По обе стороны экватора - Игорь Фесуненко
Шрифт:
Интервал:
Закладка:
— С этой крыши и вел огонь Вакерито, — говорит Диосдадо, показывая нам маленький особнячок, метрах в ста от казарм. На нем тоже сохранились следы пуль. И кажется, что в воздухе все еще стоит запах пороха.
— Его помощник Леонардо Тамайо кричал Вакерито: «Пригнись, тебя же убьют!» Но Вакерито смеялся над врагами. И стрелял, стоя во весь рост, — тихо рассказывает Диосдадо. — Пуля попала ему в голову. Всего лишь тридцать минут билось после этого сердце Вакерито. Тридцать минут. Их хватило для того, чтобы привезти героя в госпиталь, где врач Орландо Фернандес Адан смог только одно: грустно покачать головой. Вакерито умер, не приходя в сознание. И Че, примчавшийся в госпиталь через десять минут, сказал: «Погиб не Вакерито. Погибла сотня моих лучших бойцов».
Диосдадо замолкает. И правильно делает. Хочется помолчать. Даже неугомонный Долина перестает суетиться со своим «арифлексом». Все мы — Феликс Морехон, Габриэль, Диосдадо, Виталий — глядим на темный барельеф мемориальной доски, укрепленной на стене, у которой погиб Вакерито.
Он был совсем мальчик, этот Роберто Родригес. Не по-кубински белокурый, с зелеными глазами и редкой бородкой, которую отпустил, подражая Фиделю и Че. Незадолго до гибели ему исполнилось 23 года, в горы Сьерра Маэстра он пришел месяца через три после высадки Фиделя, Рауля, Че и их соратников с «Гранмы». Сначала был посыльным, потом — солдатом. Вскоре стал капитаном. А вы знаете, что такое «капитан» в Повстанческой армии? Ведь сам Фидель был «команданте» — майором. И выше «команданте» воинских званий в Повстанческой армии не было.
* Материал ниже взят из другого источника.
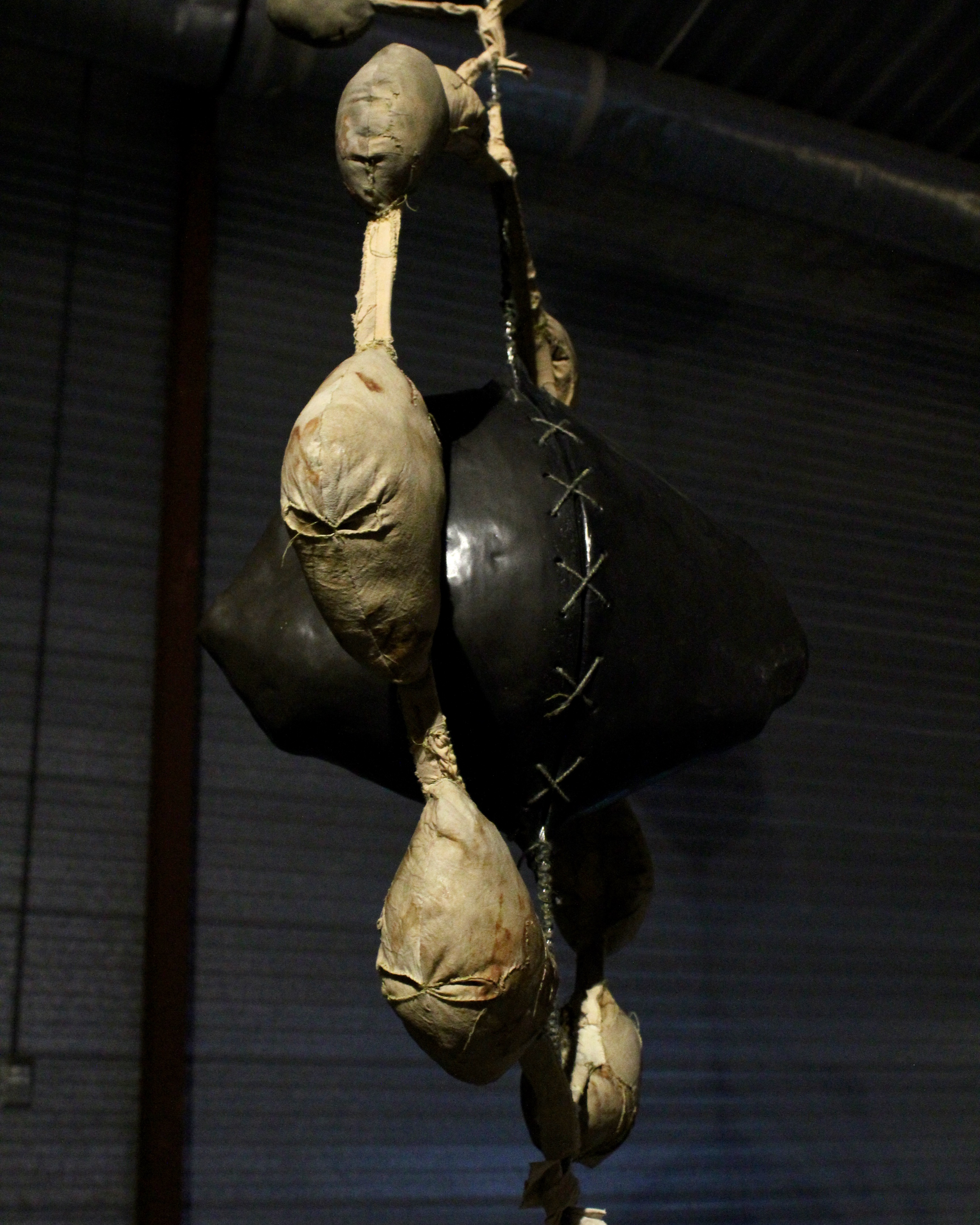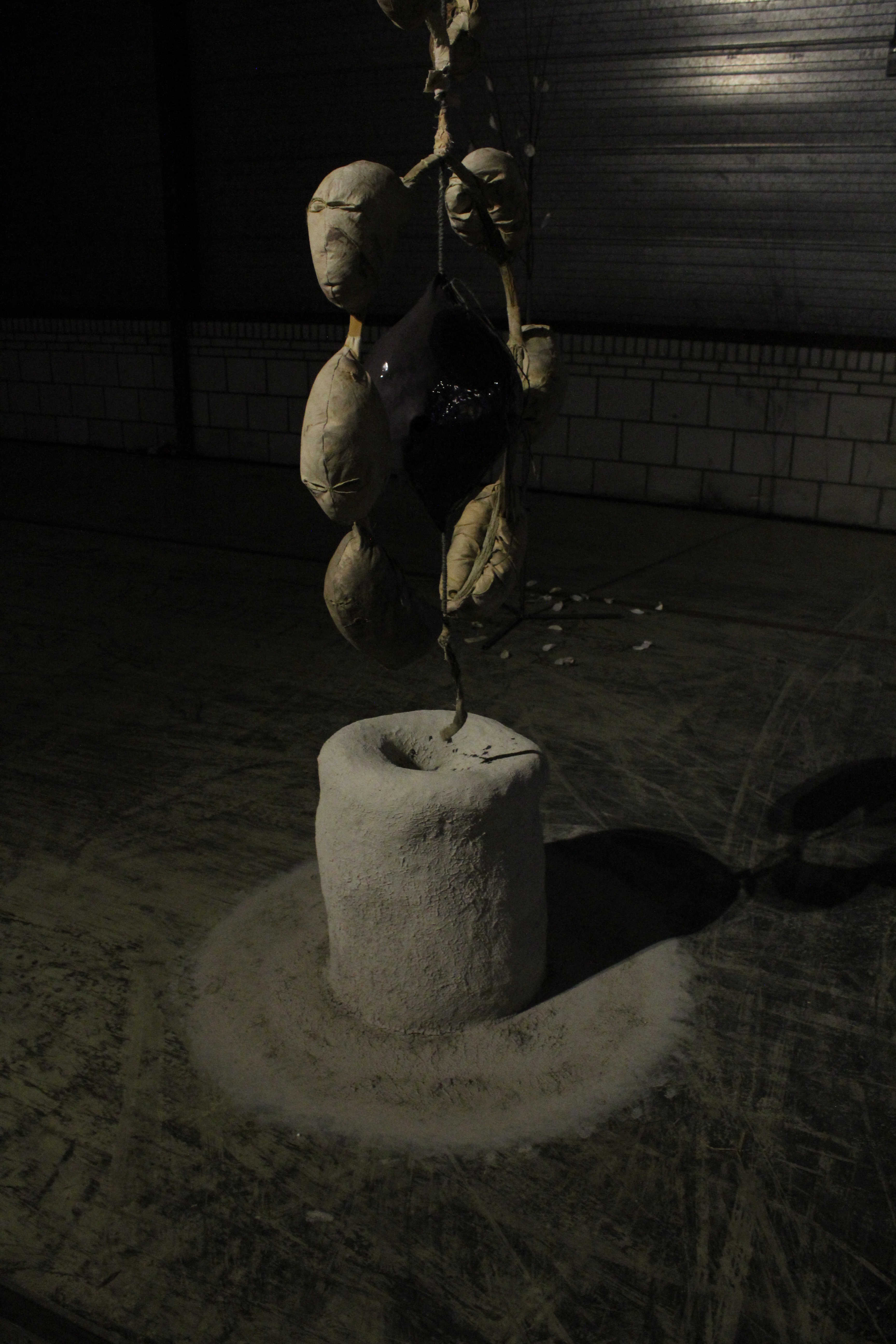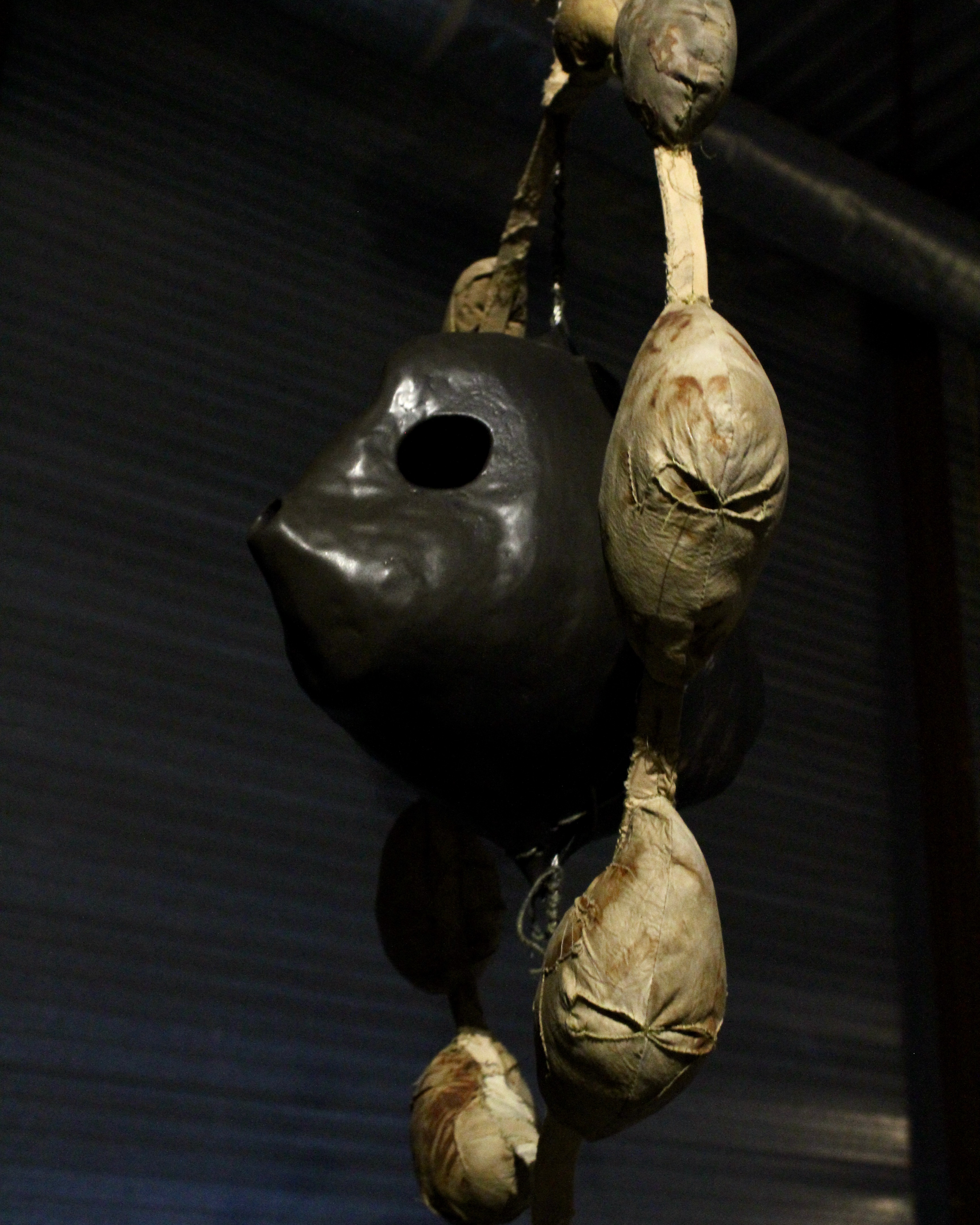 Mixed-media sculpture; natural latex, canvas, ceramics, rope, rust, beetroot, red cabbage, onion peels, henna, clay plaster, straw, found foam, ink.
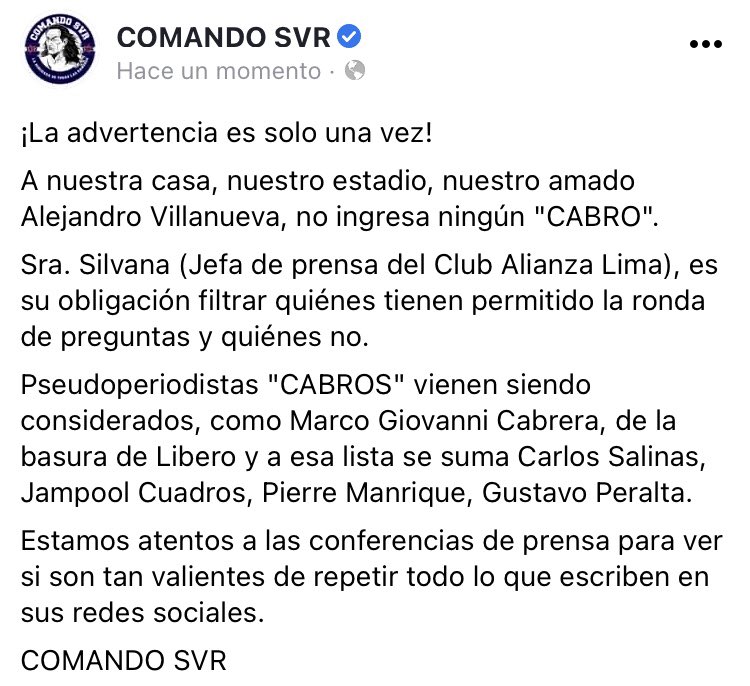 Comando Svr, por ejemplo, ha apuntado contra algunos periodistas. Más alla de la acciones que puedan tomar, le hicieron un llamado a la jefa de prensa de Alianza Lima.
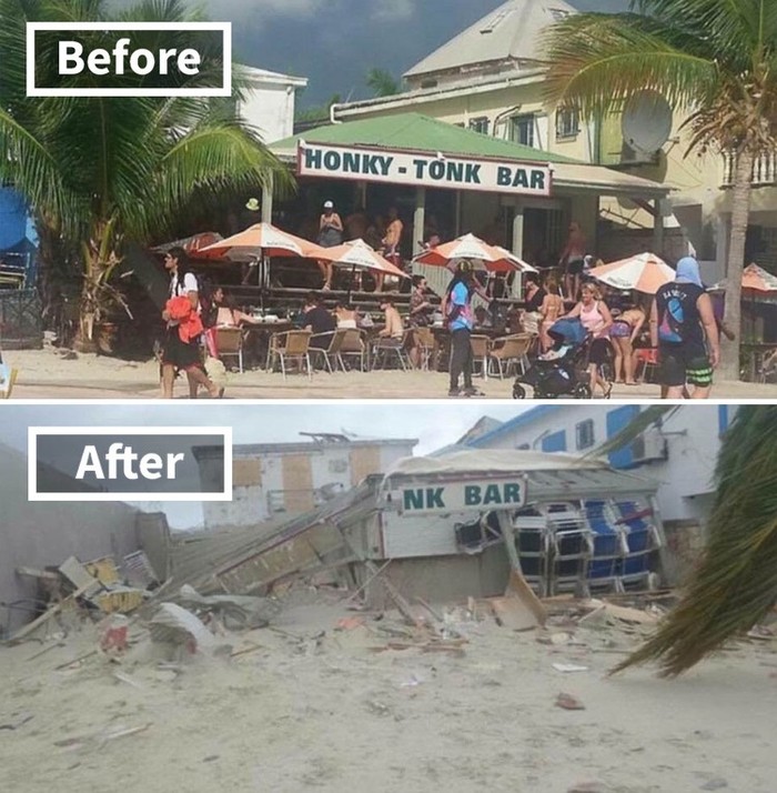 Honky Tonk Bar di Philipsburg St Martin sebelum dan sesudah badai Irma Foto: Boredpanda
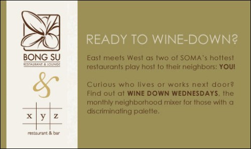 My pal Kevin Lee is the GM at Bong Su, where on Nov. 12 you can join Wine-Down Wednesdays. Wine-Down starts with a mixer and then an optional Chef Tasting Menu Dinner. There’s also one in October at XYZ.
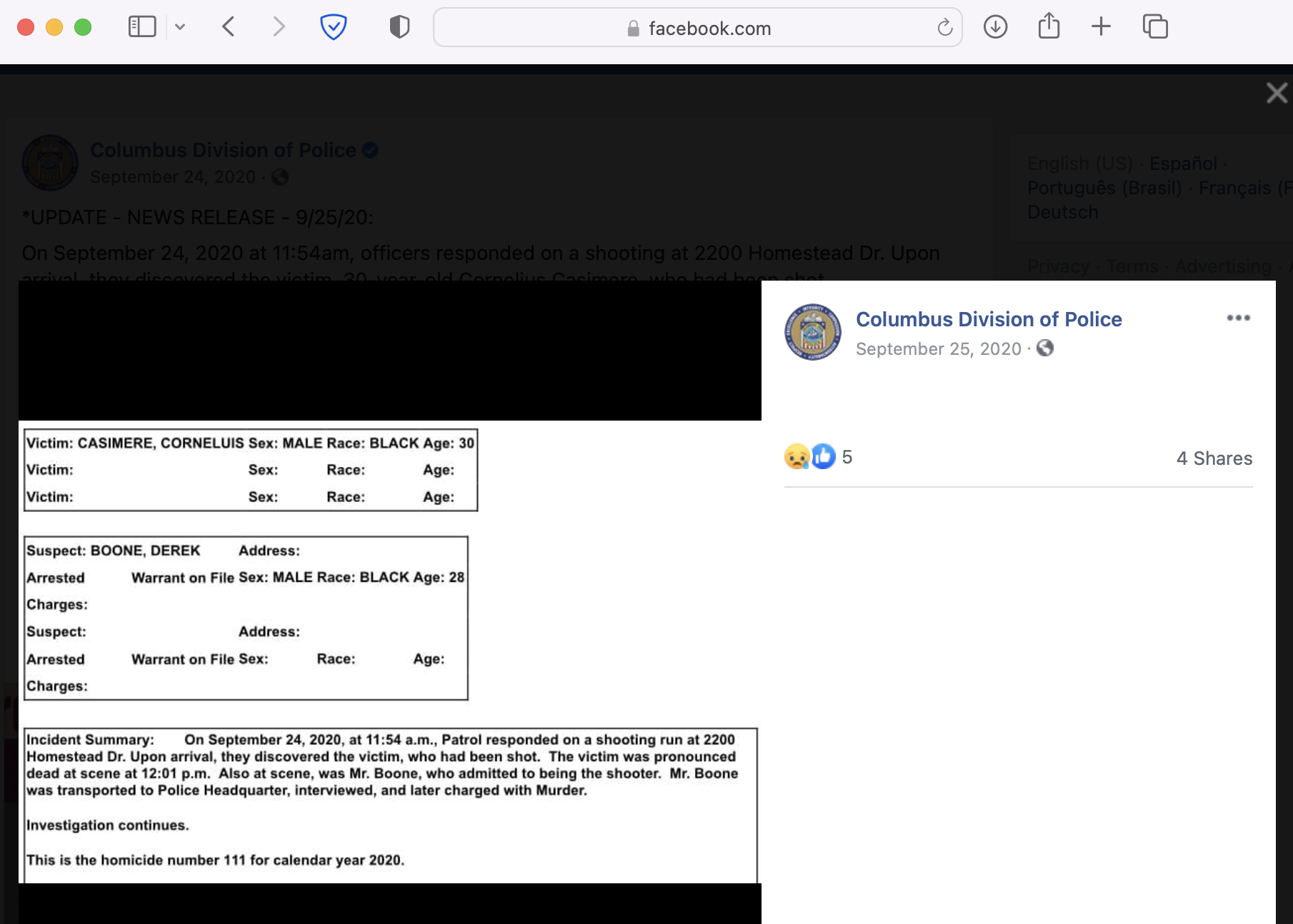 Supporting a friend, Malissa Thomas St.-Claire, in doing activism for Mothers of Murdered Columbus Children.
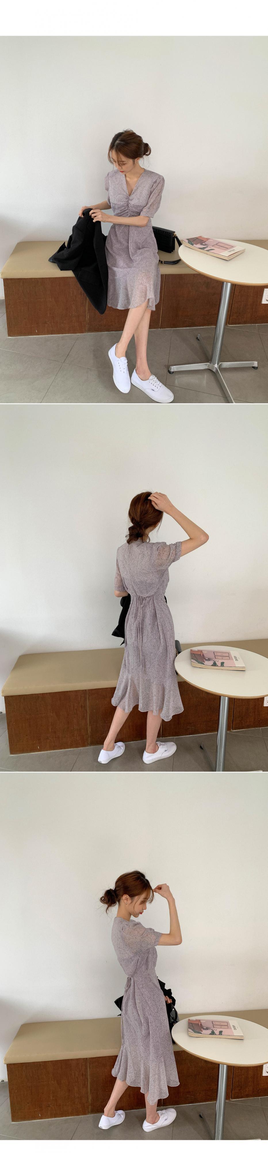 シックな夏の優しいフローラルVネックプリーツ慎重に機械細いウエストフィッシュテールドレスロングスカート女性 韓国婦人87600842656
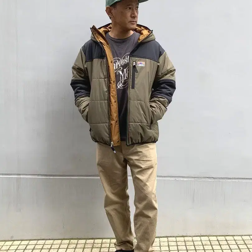 SD 다운 자켓 리버서블 카키 x 브라운 L
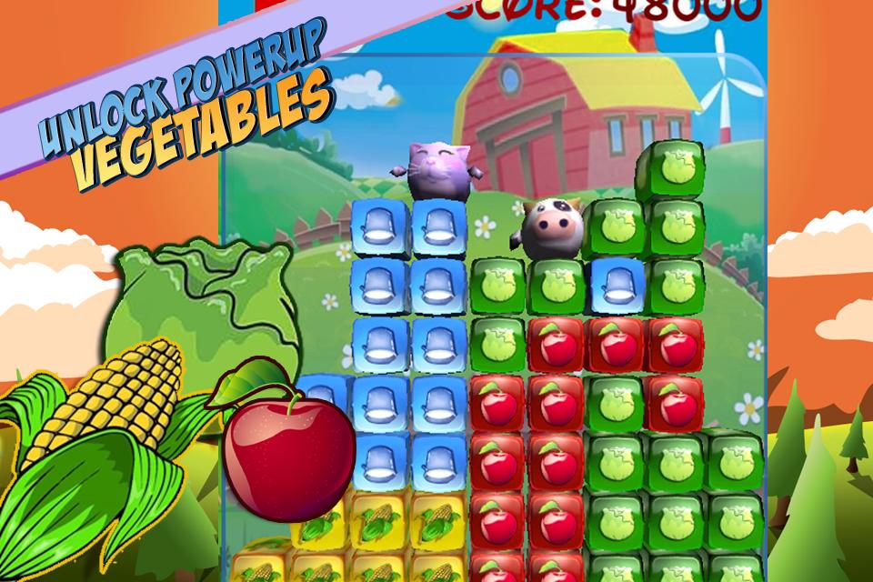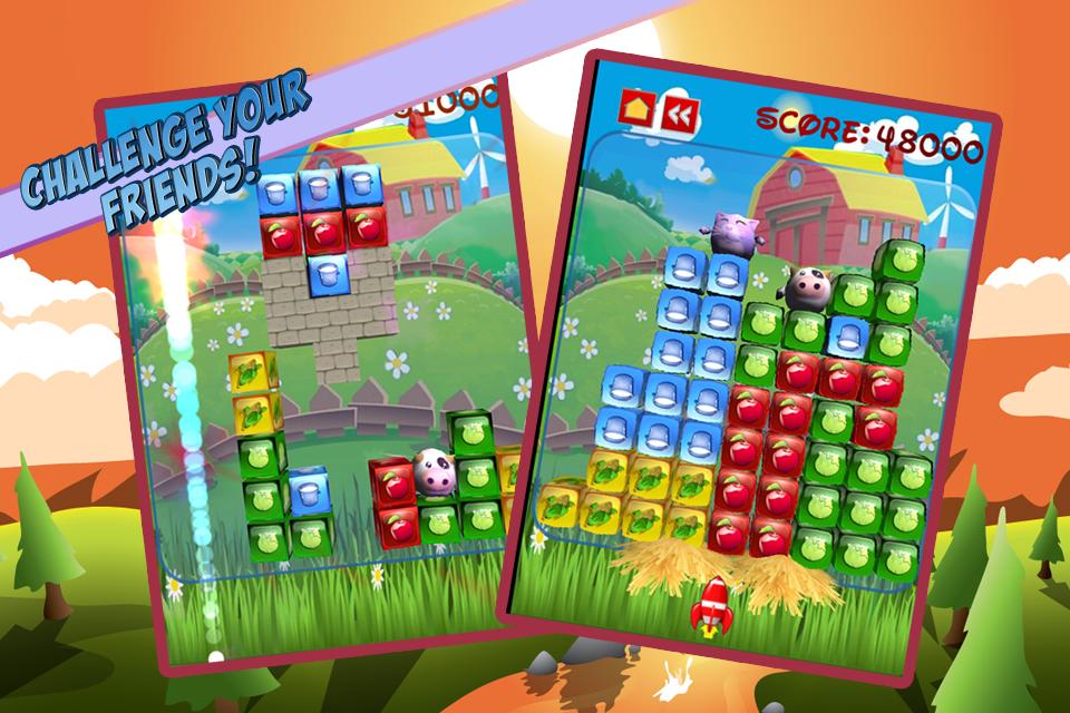 Passen Sie zwei oder mehr Blöcke derselben Farbe an, um das Niveau zu löschen und die Nutztiere zu retten.
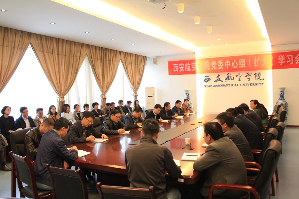 10月19日下午,党委理论学习中心组在阎良校区组织中心组(扩大)学习会,专题学习全国教育大会精神。党委中心组成员,各党总支、直属党支部书记、各部门负责人参加会议,会议由党委书记陈平社主持。
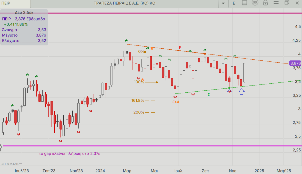 Από τον πρωταγωνιστή κλάδο της αντίδρασης θα δούμε ξανά την ΠΕΙΡ της οποίας το διάγραμμα μοιάζει περισσότερο με αυτό του ΔΤΡ στην απόδοση του οποίου συνεισέφεραν και οι 4 μεγάλες τράπεζες εξ’ ίσου. Οι τιμές έφθασαν στο στόχο του μικρού σχηματισμού διπλού πυθμένα και απέχουν ελάχιστα από την διάσπαση των 3,94 ευρώ οπότε ενεργοποιείται και ο μεγαλύτερος διπλός πυθμένας με φιλόδοξους στόχους ακόμα και πάνω από τα 4,40 ευρώ.

Когда его хоронили, «самоубийцы» плакали, не стесняясь слез. И стреляли в воздух, салютуя своему командиру, который не дожил до победы революции всего лишь несколько часов.
Сага о бронепоездеК обеду мы отсняли все, что наметили. И даже немножко больше. Для шестиминутного сюжета о битве за Санта-Клару «картинки», как говорят операторы, было у нас более чем достаточно. Не было лишь самого главного: интервью с участником битвы.
Закончив обед, решительно направляемся к машинам. «К Мирабалу?» — упавшим голосом спрашивает Габриэль, которому, видимо, хотелось бы без спешки выкурить послеобеденную сигару. Да, к Мирабалу! Без ветерана нам уезжать отсюда нельзя!
Мирабал встречает нас без энтузиазма: бедняга уже извелся за эти полдня, названивая во все концы города.
Увы, ветерана разыскать не удается. И доклад горит. А мы садимся в жесткие кресла и смотрим на него жалобными глазами.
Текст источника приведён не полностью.